Required Emitter Resistance \$R_E\$ for the Maximum Emitter Current for a BJT

Question

I need some help. This can be a dumb question as I am not an electrical engineer nor an electronics engineer, but need to solve a problem as given below. I tried to solve it but not sure if it is true because spice simulations give different result.

Where is my mistake?

Problem

Choose Emitter Resistance \$R_E\$ for the given problem for the max Emitter Current \$I_E\$ that is possible. Take \$\beta=100\$.

My solution approach

\$I_C=\frac{V_+-V_{out}}{R_c}\Rightarrow V_c=R_cI_c+V_0\\ I_E=I_B+I_C=(\beta+1)I_B\\ \\ \frac{V_{out}-V_{CE}+V_+}{R_E}=I_E\\ \\ \frac{R_CI_C+V_+-V_{CE}+V_+}{R_E}=I_E\\ \\ I_C=\left( \frac{\beta}{1+\beta}\right)I_E\\ \\ \frac{R_C\left( \frac{\beta}{1+\beta}\right)I_E+V_+-V_{CE}+V_+}{R_E}=I_E\\ \$

which gives

\$ I_E=\cfrac{2V_+ -V_{CE}}{R_E-R_C \cfrac{\beta}{\beta+1}} \$

for the maximum current \${R_E-R_C \cfrac{\beta}{\beta+1}}\$ should be zero, thus,

\${R_E=R_C \cfrac{\beta}{\beta+1}}\$

Answer 1

Is this a trick question? To me, \$I_e\$ is maximum when \$R_e = 0\$. All the other variables besides \$R_e\$ are fixed, so there is no way to increase \$I_e\$ by increasing \$R_e\$. What I am missing?
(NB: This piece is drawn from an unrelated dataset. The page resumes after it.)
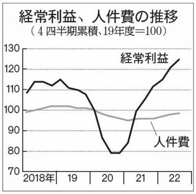 12月1日発表の財務省・法人企業統計調査では、今年7~9月期の経常利益(金融業・保険業を除く)は前年同期比18・3%増で7四半期連続の増益となった。コロナ流行前より経常利益は2割増え、人件費は1・7%減った(表)。この10年間で配当金は2・5倍に膨れ上がっている。大資本はコロナ下で、ウクライナ戦争と円安ゆえの資源・原材料費高騰を価格に転嫁する一方、労働者の賃金・福利厚生費、人員を減らして巨額の利益を得ている。その構図は明らかだ。戦時下の価格引き上げと強搾取・収奪で労働者を一層の貧困に追い込むことで肥え太っているのだ。労働者の生き血を吸って戦争に突進する最末期帝国主義の姿そのものである。
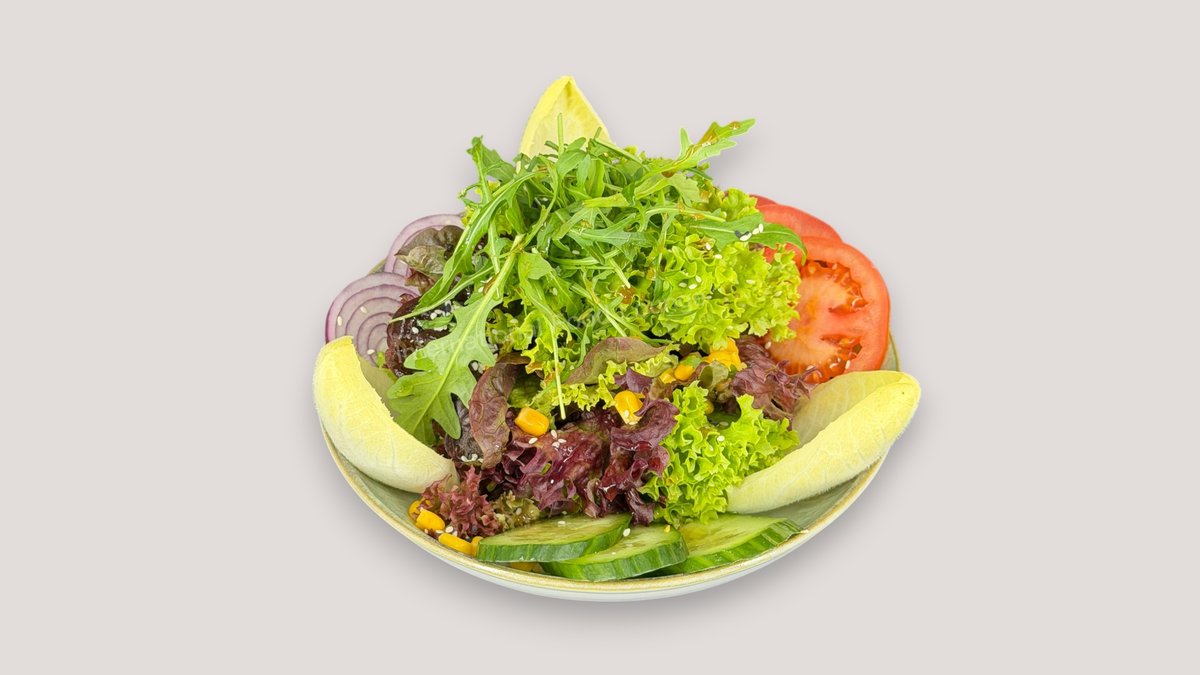 mit Salat, Tomaten, Mais, Zwiebeln, Gurken, Rucola, Sesam und Balsamico

In that case, \$I_e\$ is determined by:

$$ \min(100 I_b, \frac{2V_+ - V_{ce}}{R_c}) $$

Answer 2

There is an error in your formula. In the first step, you say: $$ I_C = \dfrac{V_+ - V_{out}}{R_c} $$

and this is correct, but this implies

$$ V_+ = I_c \cdot R_c + V_{out} $$ instead of $$V_C = I_c \cdot R_c + V_{out}$$ and the rest of the mathematical development is not right.

In my opinion, the Kirchhoff laws for the ouput circuit are wrong, and this is transferred to the rest of the developing.